Para perancang aplikasi cuaca Dark Sky—yang menjual aplikasinya ke Apple pada Maret 2020—mengumumkan peluncuran aplikasi baru bernama Acme Weather. Tim tersebut mengeklaim Acme Weather akan menawarkan prakiraan cuaca yang lebih baik dan andal dibanding layanan yang mereka miliki sebelumnya.
Acme Weather disebut akan menghadirkan sejumlah notifikasi yang tidak umum di aplikasi cuaca pada umumnya, termasuk peringatan tentang kemunculan pelangi dan informasi matahari terbenam. Selain itu, prakiraan cuaca di aplikasi ini akan dilengkapi berbagai prediksi alternatif yang ditujukan untuk meningkatkan akurasi.

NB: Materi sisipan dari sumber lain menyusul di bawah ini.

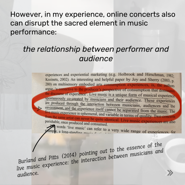 When reflective processes such as free writing or voice recordings are done soon after the concert, emotions can be captured in the freshness of the moment. However, in some situations it can be also interesting to take some distance and give some time before doing the exercise of writing - which can then reveal aspects that have been engraved in the memory.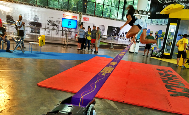 Visitante pratica Slackline na Adventure Sports Fair

Salah satu pendiri Dark Sky, Adam Grossman, menjelaskan melalui unggahan blog pengantar bahwa prakiraan Acme Weather memanfaatkan beragam model prediksi cuaca numerik, data satelit, pengamatan stasiun bumi, serta data radar. Ia menyebut pendekatan tersebut membuat prakiraan yang dihasilkan cukup andal.

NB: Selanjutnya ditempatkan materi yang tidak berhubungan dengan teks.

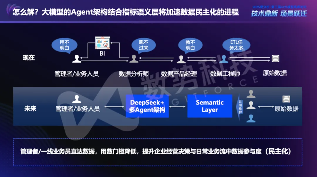 3.Data Agent能够改变企业的数据消费范式。目前众多央国企及金融机构,其现状如上图所示:招聘一批专业数据分析师及数据工程团队,为业务方及领导提供服务。业务方或领导提出报表等需求,交由工程师和分析师处理,这一流程相对较长。但是当企业内部构建好指标的数据语义层后,大模型能更好地理解自然语言需求,无论是撰写报告还是开展分析。这种方式能极大地推动企业内部的数据民主化进程,提升数据消费的效率与价值。

Acme Weather juga akan menampilkan garis perkiraan tambahan pada grafik, yang menggambarkan kemungkinan hasil lainnya dalam bentuk garis abu-abu. Menurut Grossman, pendekatan ini dimaksudkan agar pengguna tidak hanya menerima satu prakiraan “terbaik”, tetapi juga mengetahui tingkat keyakinan di balik prediksi tersebut.
“Prakiraan cuaca seringkali salah —itu kan cuaca? Itu salah satu hal yang paling sulit diprediksi,” kata Grossman dalam wawancara via telepon dengan TechCrunch, seperti dikutip pada Selasa (24/2/2026). Ia menambahkan, keluhan terbesar timnya terhadap banyak aplikasi cuaca adalah pengguna hanya mendapatkan satu perkiraan tanpa mengetahui seberapa yakin aplikasi tersebut terhadap hasilnya.
Grossman menilai pemahaman terhadap kemungkinan alternatif akan membantu orang merencanakan acara-acara besar. Ia mencontohkan situasi badai musim dingin, ketika badai mungkin dimulai pada pagi hari dan menghasilkan salju, tetapi ada kemungkinan bertahan lebih lama hingga sore hari dan berubah menjadi hujan.